Objective: To conduct a pilot study to systematically evaluate cognitive and radiologic features in a cohort of Greek individuals with DM2.
Method: Eleven genetically confirmed individuals with DM2 and 26 age- and education-matched healthy controls were administered the Edinburgh Cognitive and Behavioural Amyotrophic Lateral Sclerosis Screen (ECAS) to screen for impairment in multiple cognitive domains. MRI data were evaluated by morphometric analyses to identify disease-specific gray and white matter alterations. The following statistical thresholds were used for cognitive comparisons: PFDR < 0.05 and Bayes factor (BF 10 ) >10.
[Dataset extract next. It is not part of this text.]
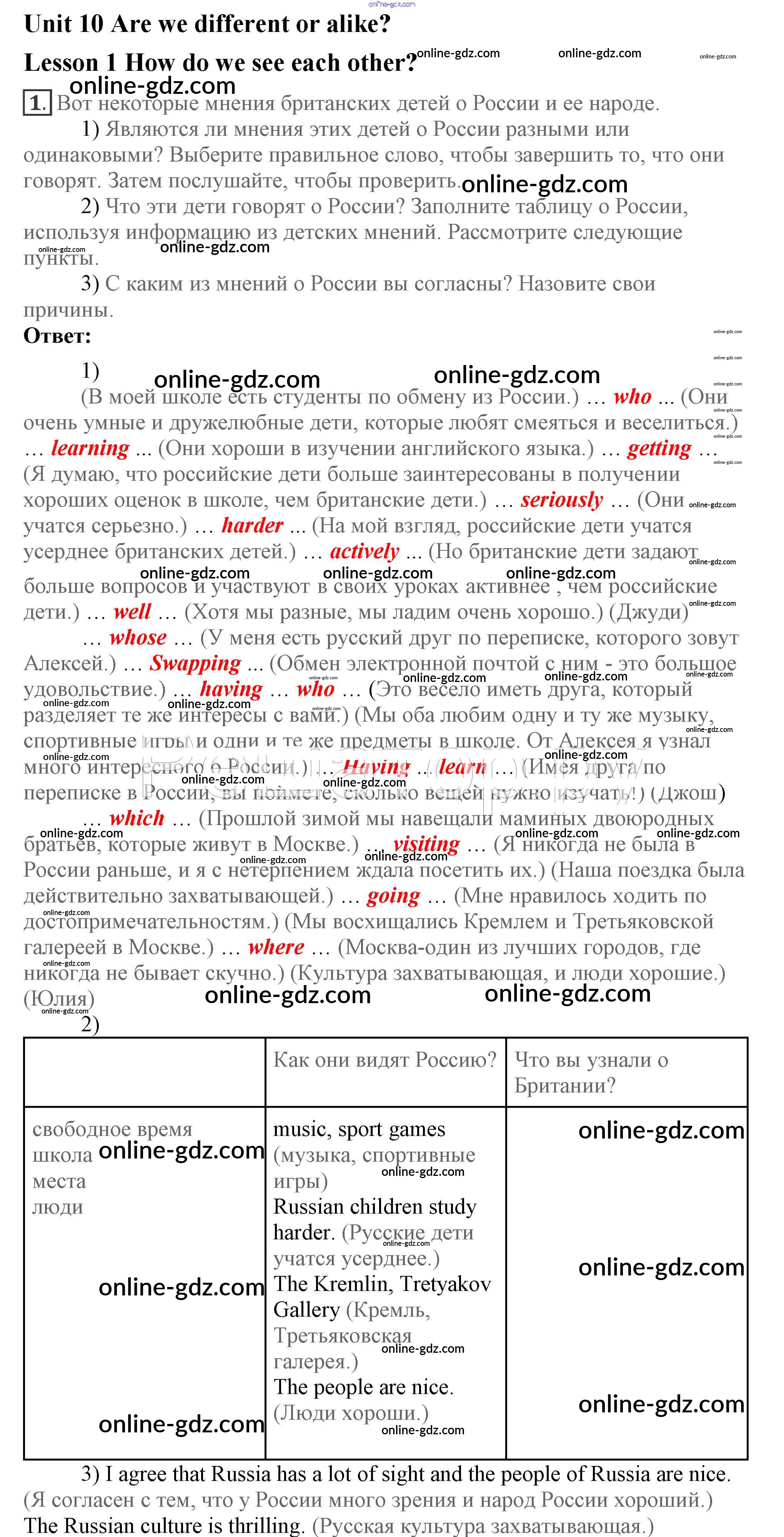 Готовые домашние задания по Английскому языку за 7 класс Учебник Кузовлев, Лапа УМК 2015 - Lesson 1 Unit 10. Are we different or alike? 1

Results: The DM2 group exhibited cognitive impairment (ECAS Total score; PFDR = 0.001; BF 10 = 108.887), which was dominated by executive impairment ( PFDR = 0.003; BF 10 = 25.330). A trend toward verbal fluency impairment was also identified. No significant impairments in memory, language, or visuospatial function were captured. The analysis of subscores revealed severe impairments in social cognition and alternation. Voxel-based morphometry identified widespread frontal, occipital, and subcortical gray matter atrophy, including the left superior medial frontal gyrus, right medial orbitofrontal gyrus, right operculum, right precuneus, bilateral fusiform gyri, and bilateral thalami.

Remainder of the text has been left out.